There were almost too many standout stouts to name, but my favorites included the Whiteface Black Diamond Stout from Great Adirondack (Lake Placid, N.Y.), the Milk Stout from Lancaster (Pa.), the Coal City Stout from Morgantown (W.V.), the Black Rock Milk Stout from Devil’s Backbone (Roseland, Va.), the Black Hole XXX Stout from Chelsea (New York City), the World Wide Stout from Dogfish Head (Milton, Del.), the Three Hour Tour, a British milk stout from Minneapolis Town Hall, the Mad Cow Milk Stout from Revolution (Chicago), and the Chocolate Oak-Aged Yeti, an Imperial Stout from Great Divide (Denver).

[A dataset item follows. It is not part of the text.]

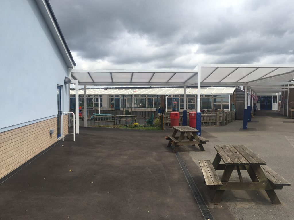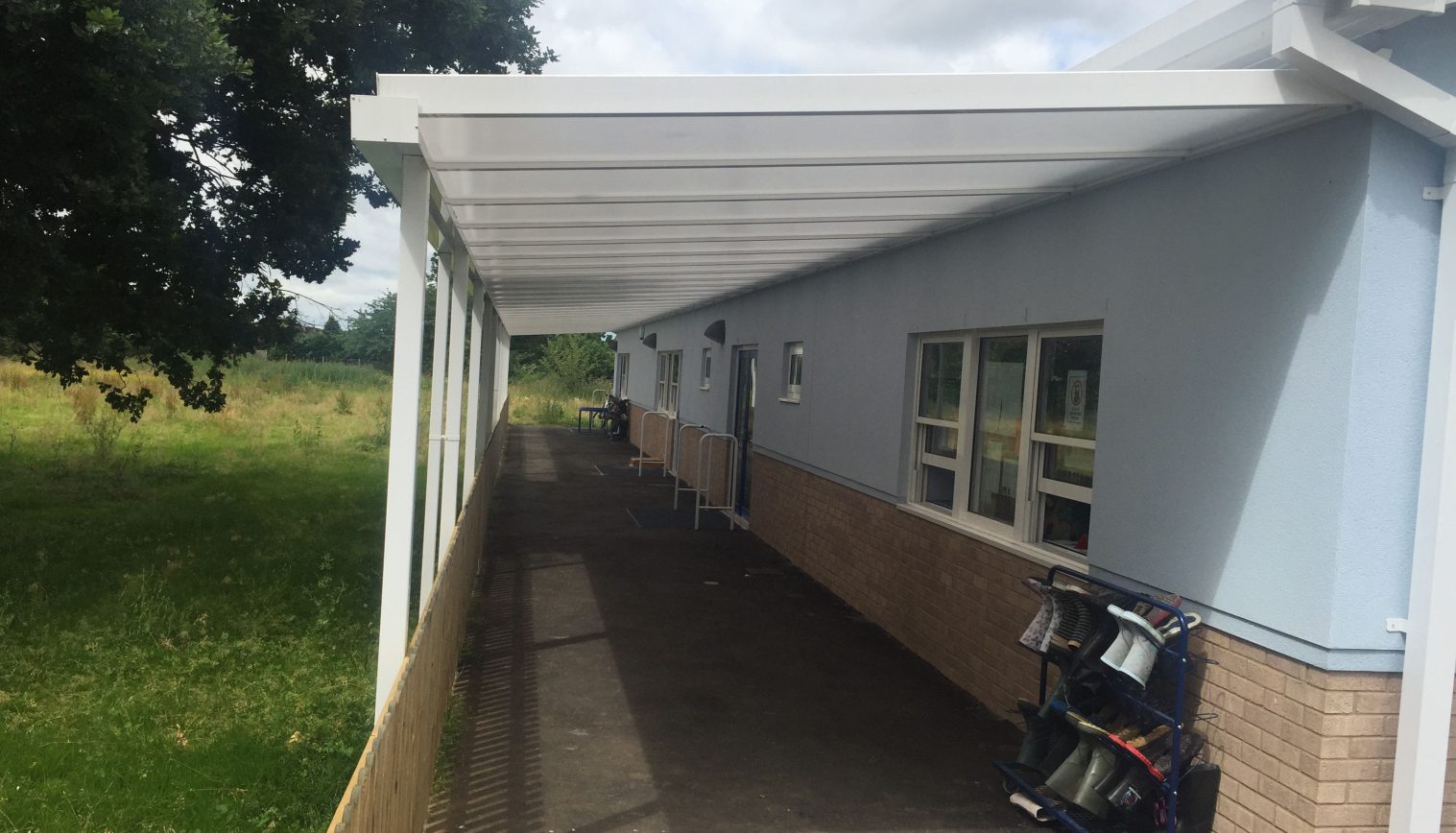 We installed two 31m x 3m Coniston Wall Mounted Canopies. One of these connecting to a 38m x 3m Grange Free Standing Walkway Canopy creating the cover that they wanted.

Now, E-Rock and I did not try all the same beers, so here were some of his favorites: “If I had to pick one beer as my favorite, it would be the American Love Ale by Victory. Victory also had a tasty Belgian style beer called the Golden Monkey. Upon ordering it, a gentleman nearby said, “Oh, so you know the Monkey?” Other great beers include Brooklyn Brewery’s Sorachi Ace (a tasty saison), Evil Genius’ Good ‘n Evil (kolsch), Dogfish Head’s Positive Contact (a spiced ale), Troegs’ The Mad Elf (a bock), Perennial Artisan Ales’ Fantastic Voyage (an imperial coconut milk stout), Alaskan’s Winter Ale, and Boston Beer Company’s New Albion Porter (a 30-year-old recipe from Sam Adams).”

It was truly an epic night, the kind of night every beer lover should enjoy once in his/her lifetime. Of course, it also made us really, really want to go back, which we will in about an hour or so. And yes, we would love to return in the future as well, maybe even with one of those nifty press passes they hand out. For this year, however, we were happy to just be two faces in the humongous crowd.